#### Exercise:
An exact copy of the listing below is the answer, with the pictures removed.

#### Data:
*** Block opens ***
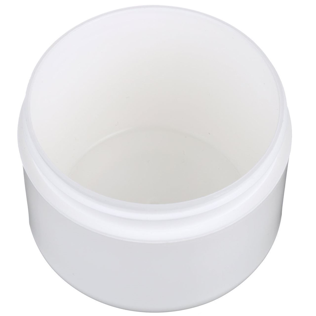 Double Wall Plastic Jars combine a polypropylene inner jar with a polypropylene outer jar for a cosmetic appearance at a very economical price. This 8 oz white PP outer PP inner plastic double wall jar has a 89-400 continuous thread neck finish with dome closure and round base to add an elegant feel to your finished good. Double-wall jars are great for packaging creams, lotions, body butters, and other similar products.
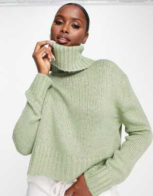 Brave Soul Cattio boxy cropped roll neck jumper in sage green
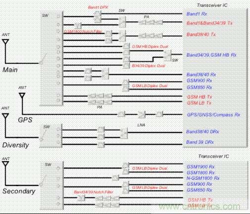 現(xiàn)在的TD-LTE對應(yīng)終端,為了對應(yīng)語音通話,三重模式和雙模式的GSM和UMTS是必不可少的。GSM就預(yù)見到了海外漫游的這個(gè)問題,因此一般能對應(yīng)850MHz、900MHz、1800MHz、1900MHz四個(gè)不同頻帶,在接收側(cè)的每一個(gè)頻帶上都逐個(gè)搭載了濾波器。UMTS的band1為FDD,所以需要雙工器(天線雙工器)。
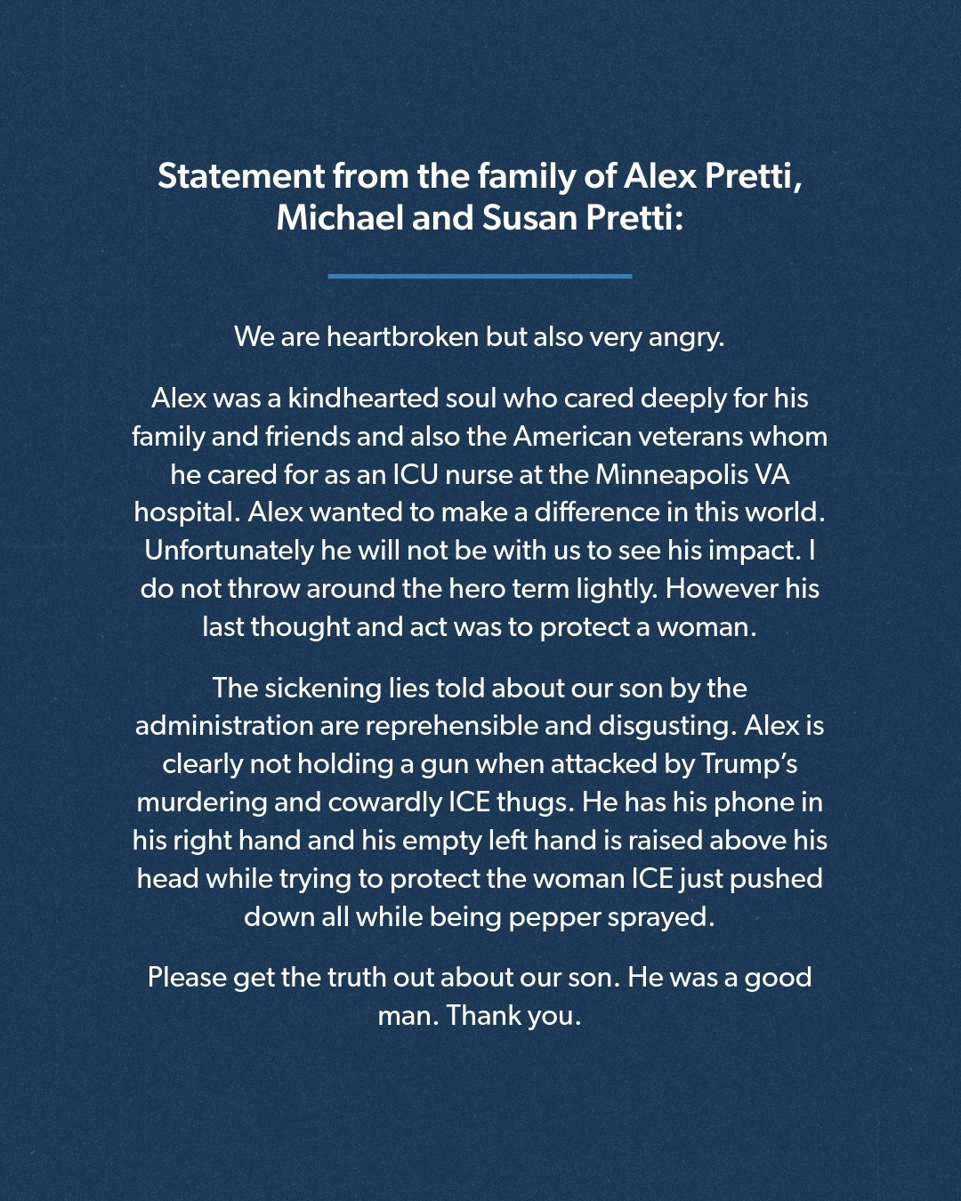 A statement from the family of Alex Pretti. Leave a reply A statement from the family of Alex Pretti.
*** Block closes ***
#### Answer section:
 Double Wall Plastic Jars combine a polypropylene inner jar with a polypropylene outer jar for a cosmetic appearance at a very economical price. This 8 oz white PP outer PP inner plastic double wall jar has a 89-400 continuous thread neck finish with dome closure and round base to add an elegant feel to your finished good. Double-wall jars are great for packaging creams, lotions, body butters, and other similar products.
 Brave Soul Cattio boxy cropped roll neck jumper in sage green
 現(xiàn)在的TD-LTE對應(yīng)終端,為了對應(yīng)語音通話,三重模式和雙模式的GSM和UMTS是必不可少的。GSM就預(yù)見到了海外漫游的這個(gè)問題,因此一般能對應(yīng)850MHz、900MHz、1800MHz、1900MHz四個(gè)不同頻帶,在接收側(cè)的每一個(gè)頻帶上都逐個(gè)搭載了濾波器。UMTS的band1為FDD,所以需要雙工器(天線雙工器)。
 A statement from the family of Alex Pretti. Leave a reply A statement from the family of Alex Pretti.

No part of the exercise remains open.